THE PROBLEM:
For the entries that follow, retype exactly the lines from the one containing "Зимние черные мужские" to the one containing "La giacca è", inclusive, and only those. Images stay out of the copy.

EXCERPTED DATA:
········

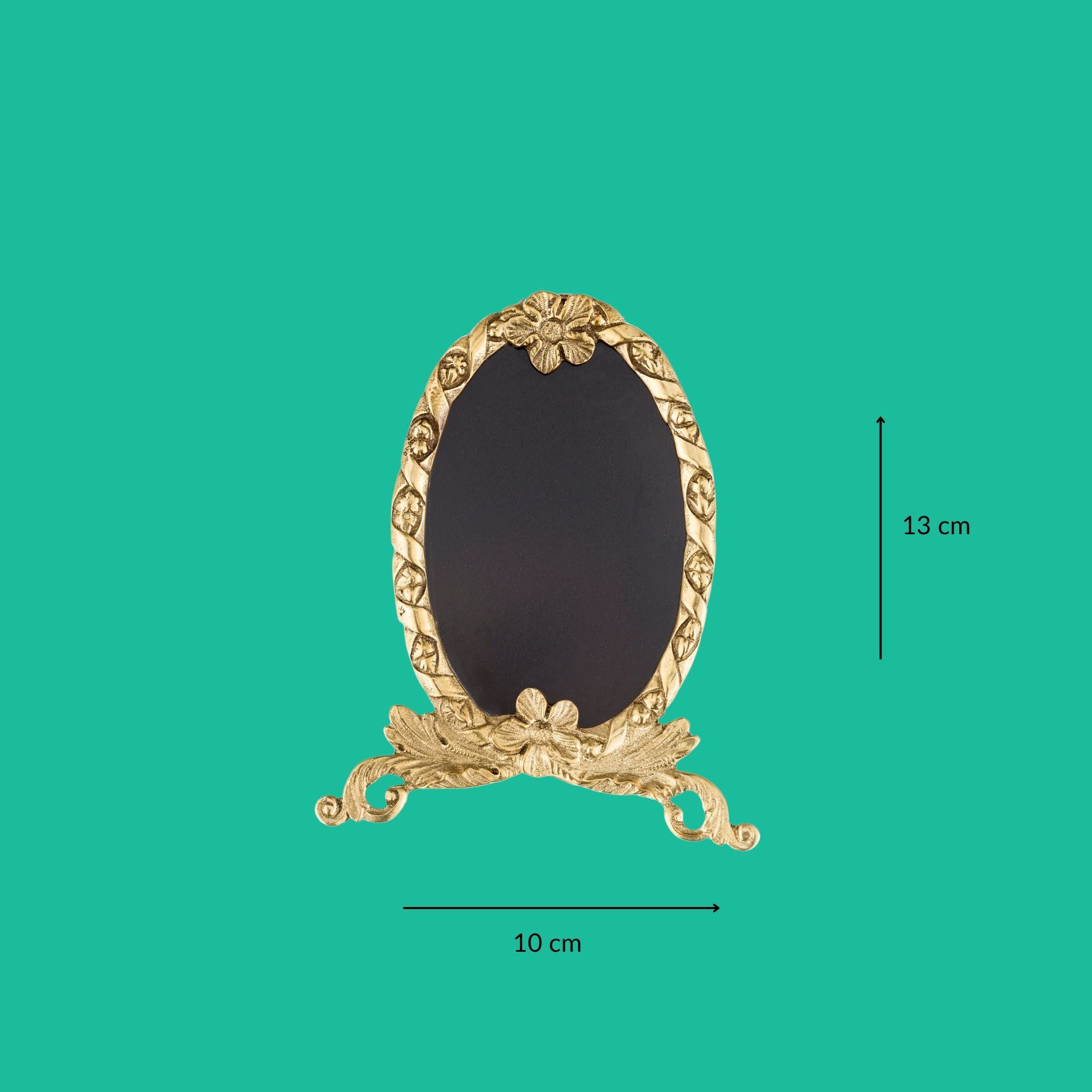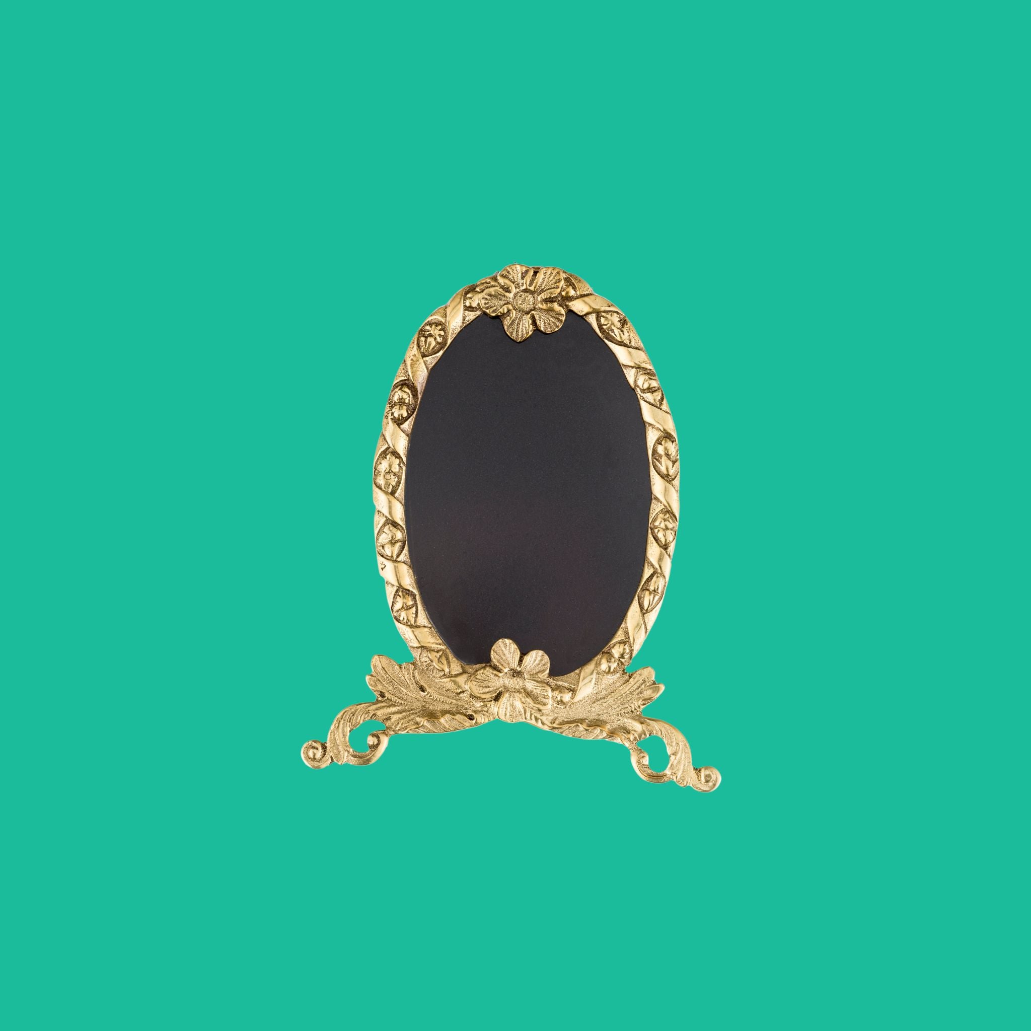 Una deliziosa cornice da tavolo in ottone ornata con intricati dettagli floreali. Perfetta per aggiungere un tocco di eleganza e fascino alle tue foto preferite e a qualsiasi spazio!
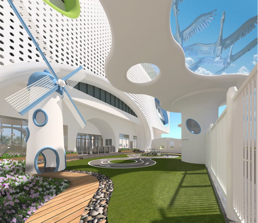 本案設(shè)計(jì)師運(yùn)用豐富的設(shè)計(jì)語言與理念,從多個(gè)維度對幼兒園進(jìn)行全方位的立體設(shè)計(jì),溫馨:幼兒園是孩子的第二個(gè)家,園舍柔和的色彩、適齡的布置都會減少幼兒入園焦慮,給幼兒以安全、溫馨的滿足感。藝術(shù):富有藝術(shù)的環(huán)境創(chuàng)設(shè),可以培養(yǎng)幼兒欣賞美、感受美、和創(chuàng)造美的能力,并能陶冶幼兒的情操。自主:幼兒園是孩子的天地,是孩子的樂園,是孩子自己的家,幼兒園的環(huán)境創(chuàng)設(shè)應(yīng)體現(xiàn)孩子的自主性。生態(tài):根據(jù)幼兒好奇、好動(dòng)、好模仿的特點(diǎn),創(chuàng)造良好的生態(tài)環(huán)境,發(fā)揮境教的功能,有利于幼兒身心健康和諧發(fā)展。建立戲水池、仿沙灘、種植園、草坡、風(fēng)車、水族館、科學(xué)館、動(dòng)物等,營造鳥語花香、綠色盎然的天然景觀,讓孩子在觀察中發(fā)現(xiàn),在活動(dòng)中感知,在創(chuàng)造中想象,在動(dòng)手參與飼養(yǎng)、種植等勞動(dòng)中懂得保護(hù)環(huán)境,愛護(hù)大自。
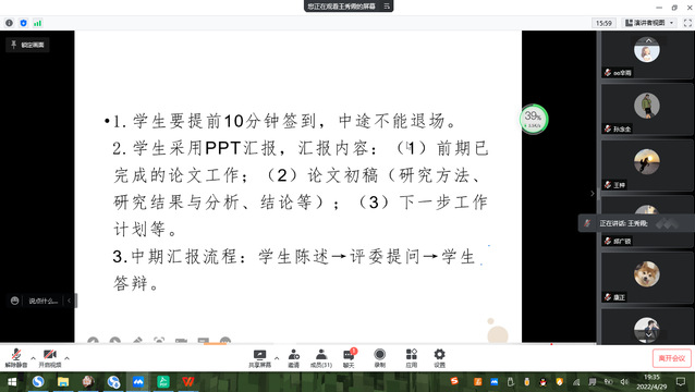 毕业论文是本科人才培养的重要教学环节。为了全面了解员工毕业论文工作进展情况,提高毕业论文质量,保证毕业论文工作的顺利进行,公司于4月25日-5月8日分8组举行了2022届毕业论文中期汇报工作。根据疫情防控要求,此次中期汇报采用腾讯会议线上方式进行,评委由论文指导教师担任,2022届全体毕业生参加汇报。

········

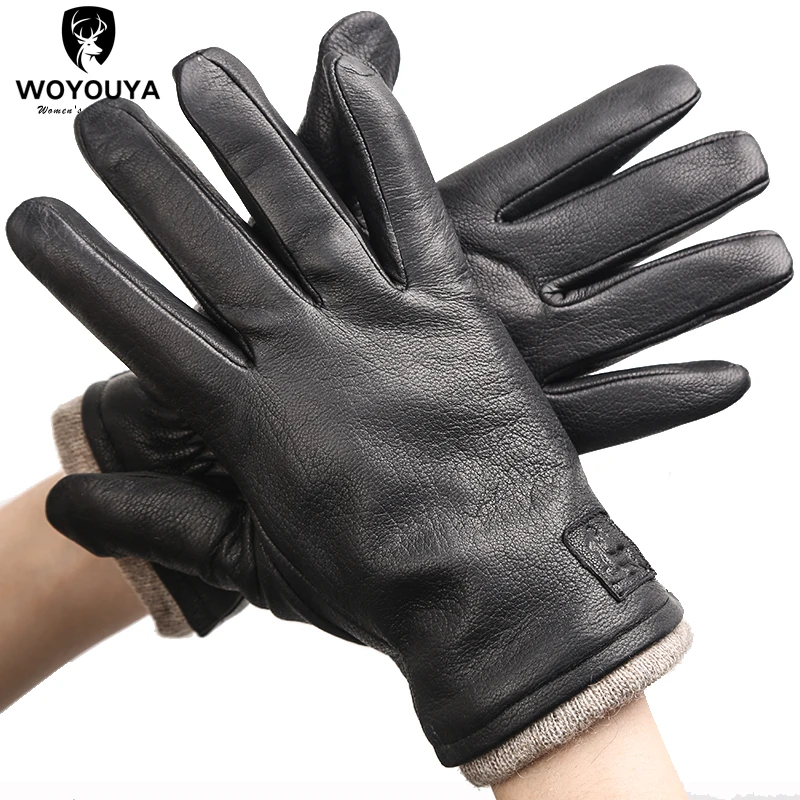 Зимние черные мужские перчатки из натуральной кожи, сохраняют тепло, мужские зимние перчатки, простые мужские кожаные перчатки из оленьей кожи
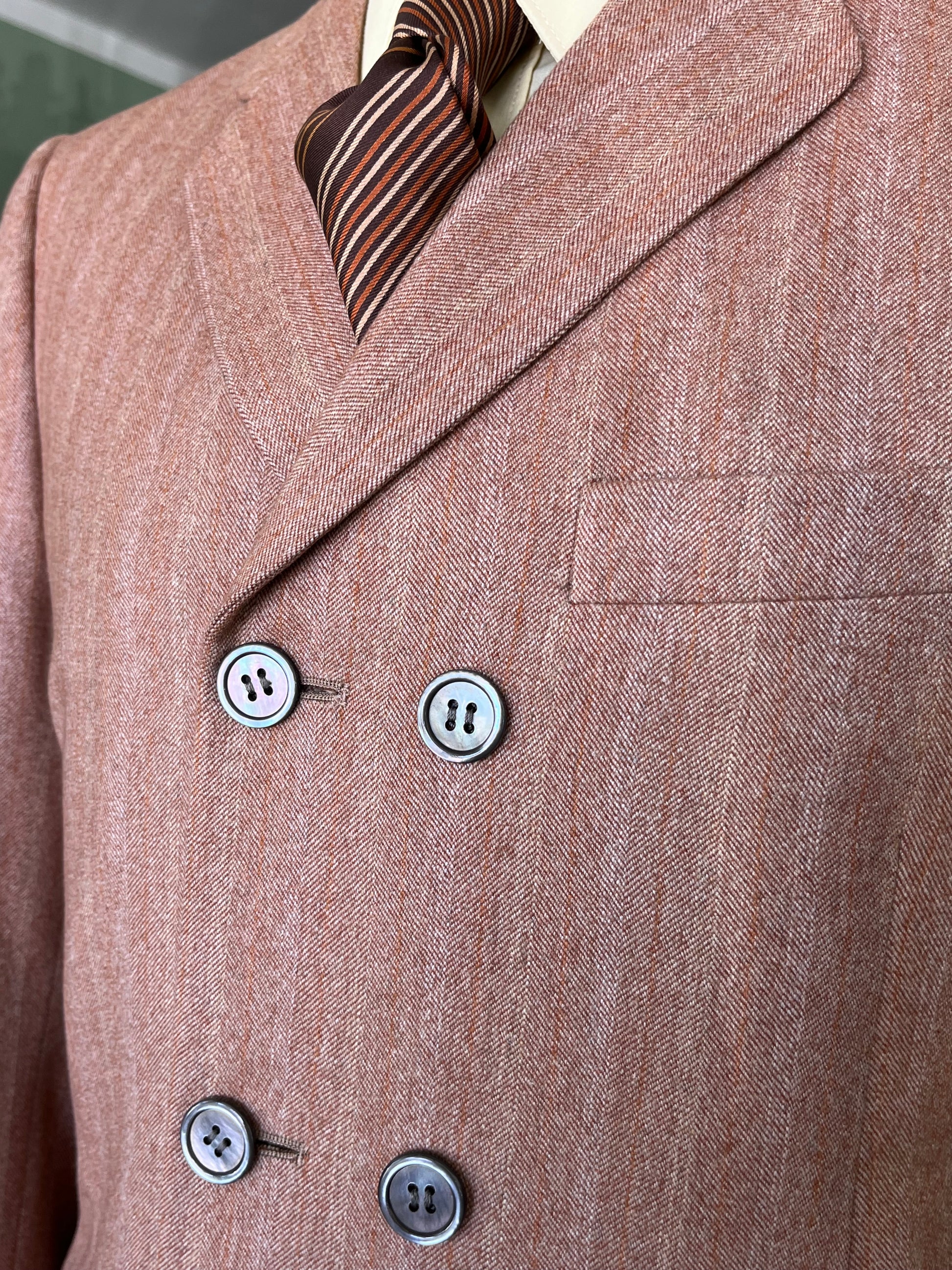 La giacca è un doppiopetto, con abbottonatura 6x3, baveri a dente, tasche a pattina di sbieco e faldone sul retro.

········

TASK RESULT:
 Зимние черные мужские перчатки из натуральной кожи, сохраняют тепло, мужские зимние перчатки, простые мужские кожаные перчатки из оленьей кожи
 La giacca è un doppiopetto, con abbottonatura 6x3, baveri a dente, tasche a pattina di sbieco e faldone sul retro.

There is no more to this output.